Brief: Exact copy, no pictures: repeat the data that follows.

[Data records]
--

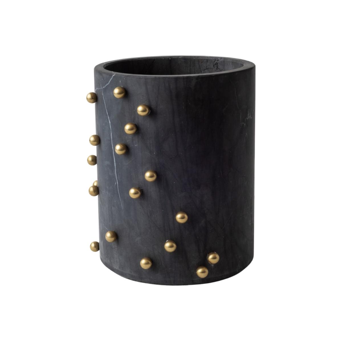 Introducing the stunning Confetti Wide Vase from bruci, a remarkable celebration of exquisite materials. Meticulously crafted from the finest quality marble, this luxurious cylindrical vase features an array of gleaming brass sprinkles delicately positioned on its surface, creating a unique and visually arresting effect. The Confetti Tall Vase is a perfect balance of elegance and daring, making it a stunning addition to any sophisticated decor. This versatile vase is perfect for displaying fresh flowers, but is equally striking as a stand-alone statement piece. The Confetti Wide Vase is available in white, black, and travertine marble, and is part of a magnificent three-piece series, including the Confetti Tall and Confetti Bowl. BRASS: To keep your bruci brass pieces shiny, clean them with a dry cotton cloth periodically. One thing to remember about brass is that it is normal for the material to get stained from the environment that surrounds the piece. Whenever a piece gets stained, clean it with a cotton cloth and metal polish. Avoid contact with water and extreme humidity. MARBLE:Marble is a natural product and may contain fissures, cracks, holes, pits and natural yellowing or browning can be present. No two pieces are alike but they are all relics of the earth that capture a moment in time. Marble is a fragile material so treat your pieces with care. After use, pat down the material with a neutral cleaner and war water and pat dry immediately. Marble is a porous stone so be careful not to leave water or liquid for long periods of time on the Marble as it will soak in and possibly leave a mark. The same applies to acidic products such as lemons and vinegar, strong pigments like cumin or turmeric, and oily products.
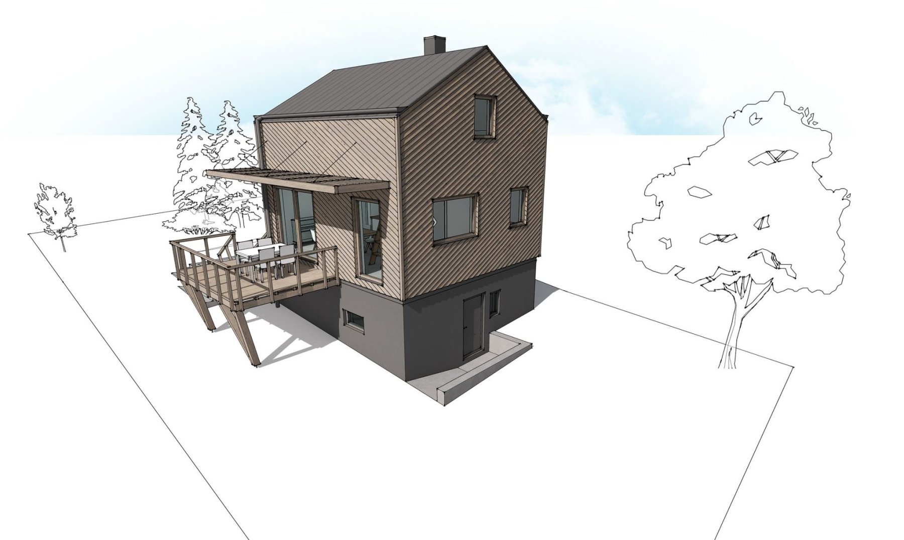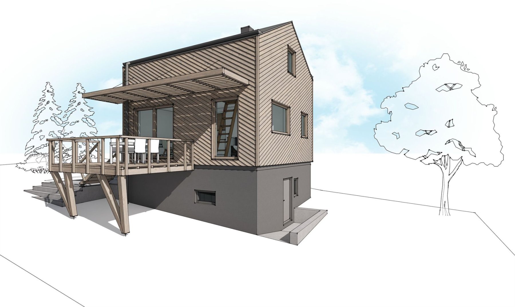 S ohledem na velikost chaty musel být návrh interiéru řešen velmi prakticky. Polozapuštěný suterén poskytuje dost místa pro funkční prostory jako je sklep, sklad nebo dřevník. Zároveň je zde umístěna relaxační místnost se saunou.
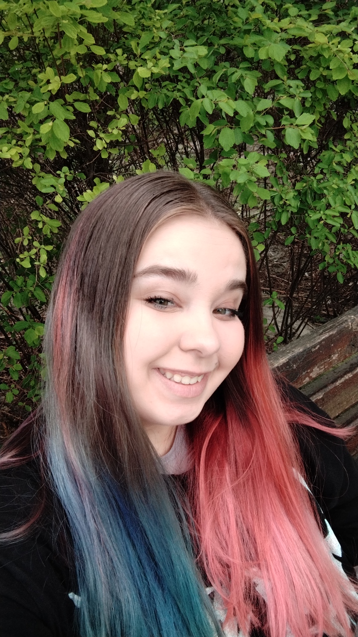 A girl smiles, crouching on a red brick sidewalk in Plovdiv, Bulgaria, while petting a calico cat. The cat is white, orange and black. The girl is wearing a black sweater with neon patterns.
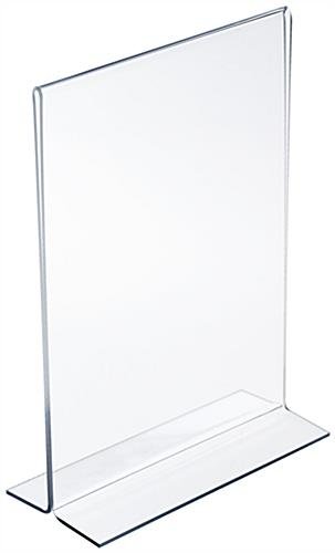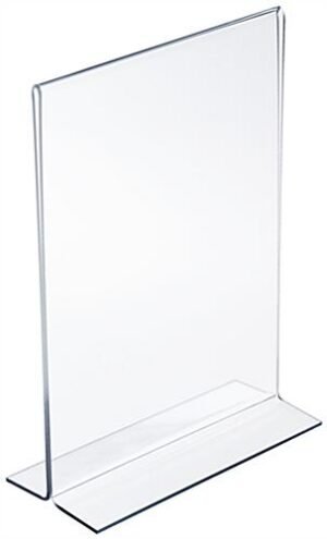 This menu card holder is 5″ wide x 7″ high and is a bottom loading sign frame. Restaurants and retail locations use this acrylic print holder to display food listings or advertisements. Each menu card holder, also known as a picture frame, is made with one solid piece of acrylic. The unique fold-over design is less likely to crack and break than similar units that are bonded together. Each sign display, menu card holder features open sides and bottom to allow for quick change-outs. Paper slips in easily through the bottom and sides. Use this menu card holder as a single or double sided display. Two sheets of standard paper can be placed back-to-back to advertise two of the same or different graphics.
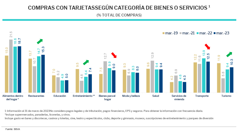 En gasto por rubro, lo que ha estado más dinámico en el primer trimestre de este año con respecto a enero-marzo de 2022 es entretenimiento, lo que incluye bares discotecas, casinos, loterías, cines, clubes, que creció a un ritmo de 29%. Asimismo, el gasto de turismo se incrementó en 17% y de restaurantes en 12% (ver cuadro). Ya todos los rubros de gasto que medimos están por encima del nivel prepandemia (2019). En el caso de algunos rubros ya se está normalizando el consumo, como en los supermercados, donde el gasto ya se moderó, teniendo en cuenta que en pandemia se compraba para almacenar, pero aun así está por encima del nivel prepandemia.
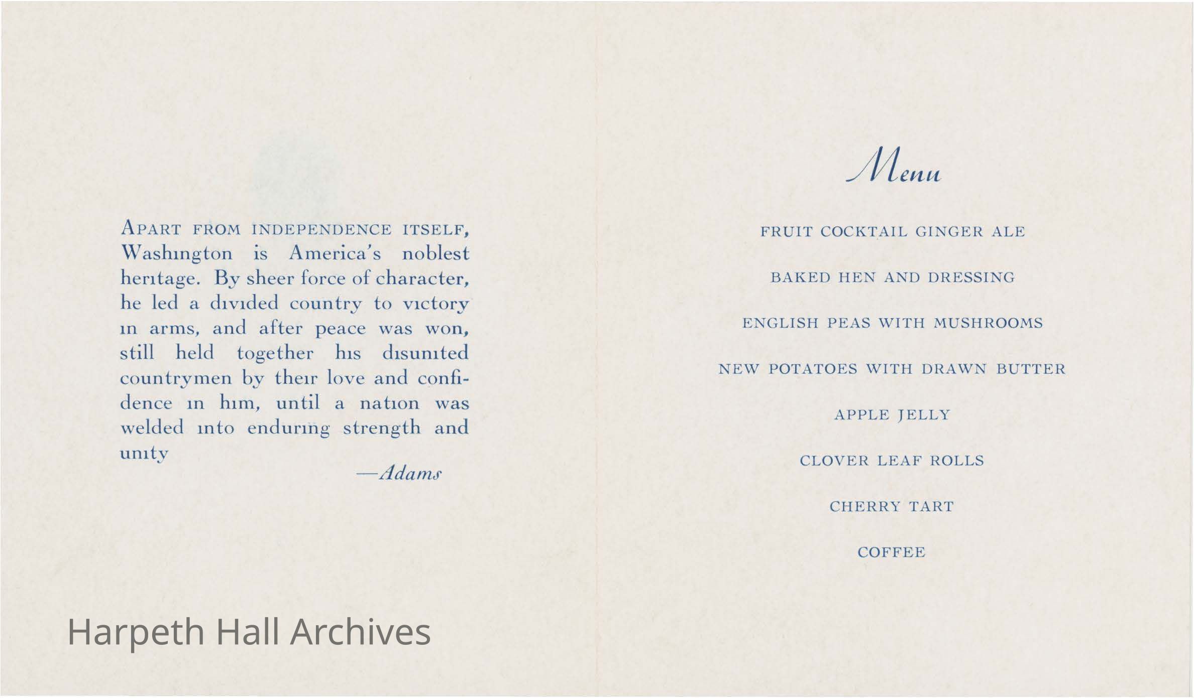 Dinner menu with quote by Adams about George Washington
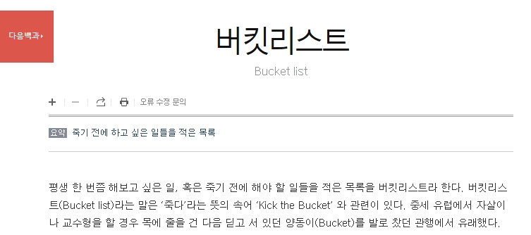 버킷리스트에 대한 정확한 정의나 어원, 다양한 해석은 공신력 있는 자료를 통해 확인하는 게 가장 좋아요. 특히 다음백과에서는 관용구 유래부터 현대적 의미까지 꼼꼼히 정리되어 있어서 참고하기 딱입니다.
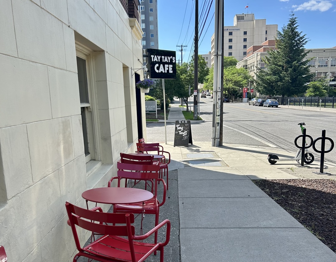 A Cafe near Downtown Spokane with a mico-bakery. We offer coffee drinks, tea, lemonade, house made sodas, and beer/wine. We bake bread, biscuits, cinnamon buns, quiche, and other small bites all from scratch. It is elegant and professional inside the building. We have two dedicated bathrooms available for guests.
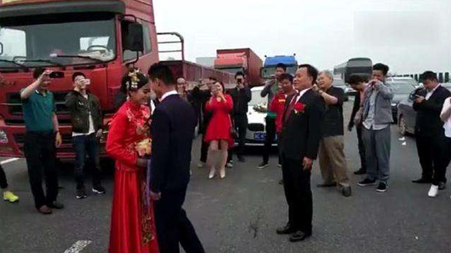 高速上結(jié)婚誰見過?新郎接親遇堵車 高速現(xiàn)場拜天地
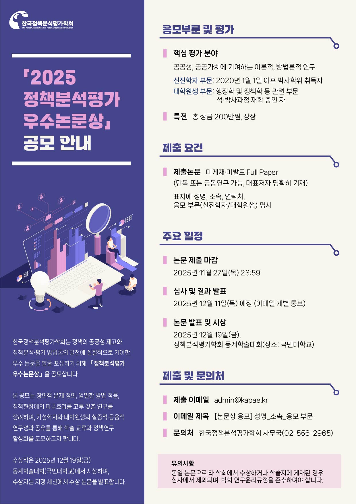 제목 | [한국정책평가분석학회] 2025 정책분석평가 우수논문상 공모 안내 | ||||
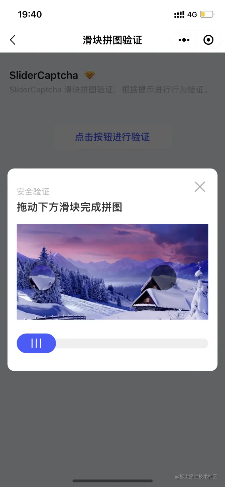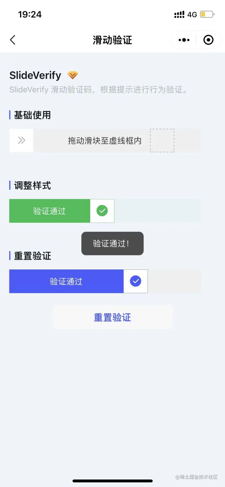 这是最典型的滑动验证码组件,支持自定义样式和重置验证
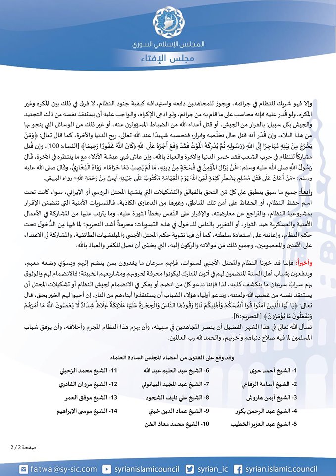 وقد وقع على الفتوى من أعضاء المجلس السادة العلماء
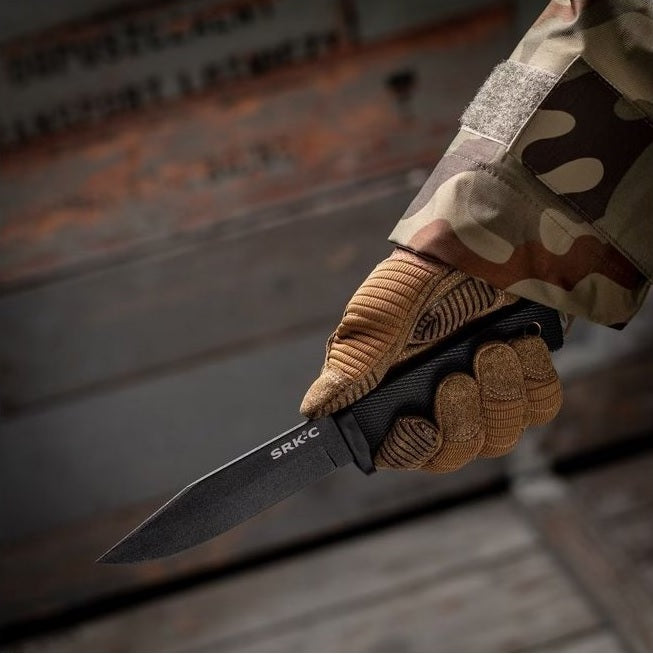 - السچين المميزة بالنصل الأسود المعزول SRK في تصميم أقصر وأخف وزنًا وأنحف بكثير.
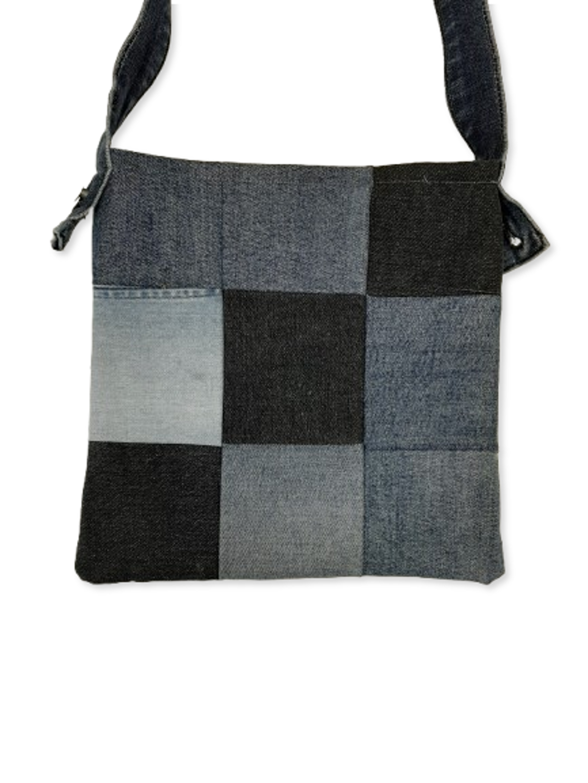 Colour: Blue denim patchwork.

--

Written reply:
 Introducing the stunning Confetti Wide Vase from bruci, a remarkable celebration of exquisite materials. Meticulously crafted from the finest quality marble, this luxurious cylindrical vase features an array of gleaming brass sprinkles delicately positioned on its surface, creating a unique and visually arresting effect. The Confetti Tall Vase is a perfect balance of elegance and daring, making it a stunning addition to any sophisticated decor. This versatile vase is perfect for displaying fresh flowers, but is equally striking as a stand-alone statement piece. The Confetti Wide Vase is available in white, black, and travertine marble, and is part of a magnificent three-piece series, including the Confetti Tall and Confetti Bowl. BRASS: To keep your bruci brass pieces shiny, clean them with a dry cotton cloth periodically. One thing to remember about brass is that it is normal for the material to get stained from the environment that surrounds the piece. Whenever a piece gets stained, clean it with a cotton cloth and metal polish. Avoid contact with water and extreme humidity. MARBLE:Marble is a natural product and may contain fissures, cracks, holes, pits and natural yellowing or browning can be present. No two pieces are alike but they are all relics of the earth that capture a moment in time. Marble is a fragile material so treat your pieces with care. After use, pat down the material with a neutral cleaner and war water and pat dry immediately. Marble is a porous stone so be careful not to leave water or liquid for long periods of time on the Marble as it will soak in and possibly leave a mark. The same applies to acidic products such as lemons and vinegar, strong pigments like cumin or turmeric, and oily products.
 S ohledem na velikost chaty musel být návrh interiéru řešen velmi prakticky. Polozapuštěný suterén poskytuje dost místa pro funkční prostory jako je sklep, sklad nebo dřevník. Zároveň je zde umístěna relaxační místnost se saunou.
 A girl smiles, crouching on a red brick sidewalk in Plovdiv, Bulgaria, while petting a calico cat. The cat is white, orange and black. The girl is wearing a black sweater with neon patterns.
 This menu card holder is 5″ wide x 7″ high and is a bottom loading sign frame. Restaurants and retail locations use this acrylic print holder to display food listings or advertisements. Each menu card holder, also known as a picture frame, is made with one solid piece of acrylic. The unique fold-over design is less likely to crack and break than similar units that are bonded together. Each sign display, menu card holder features open sides and bottom to allow for quick change-outs. Paper slips in easily through the bottom and sides. Use this menu card holder as a single or double sided display. Two sheets of standard paper can be placed back-to-back to advertise two of the same or different graphics.
 En gasto por rubro, lo que ha estado más dinámico en el primer trimestre de este año con respecto a enero-marzo de 2022 es entretenimiento, lo que incluye bares discotecas, casinos, loterías, cines, clubes, que creció a un ritmo de 29%. Asimismo, el gasto de turismo se incrementó en 17% y de restaurantes en 12% (ver cuadro). Ya todos los rubros de gasto que medimos están por encima del nivel prepandemia (2019). En el caso de algunos rubros ya se está normalizando el consumo, como en los supermercados, donde el gasto ya se moderó, teniendo en cuenta que en pandemia se compraba para almacenar, pero aun así está por encima del nivel prepandemia.
 Dinner menu with quote by Adams about George Washington
 버킷리스트에 대한 정확한 정의나 어원, 다양한 해석은 공신력 있는 자료를 통해 확인하는 게 가장 좋아요. 특히 다음백과에서는 관용구 유래부터 현대적 의미까지 꼼꼼히 정리되어 있어서 참고하기 딱입니다.
 A Cafe near Downtown Spokane with a mico-bakery. We offer coffee drinks, tea, lemonade, house made sodas, and beer/wine. We bake bread, biscuits, cinnamon buns, quiche, and other small bites all from scratch. It is elegant and professional inside the building. We have two dedicated bathrooms available for guests.
 高速上結(jié)婚誰見過?新郎接親遇堵車 高速現(xiàn)場拜天地
 제목 | [한국정책평가분석학회] 2025 정책분석평가 우수논문상 공모 안내 | ||||
 这是最典型的滑动验证码组件,支持自定义样式和重置验证
 وقد وقع على الفتوى من أعضاء المجلس السادة العلماء
 - السچين المميزة بالنصل الأسود المعزول SRK في تصميم أقصر وأخف وزنًا وأنحف بكثير.
 Colour: Blue denim patchwork.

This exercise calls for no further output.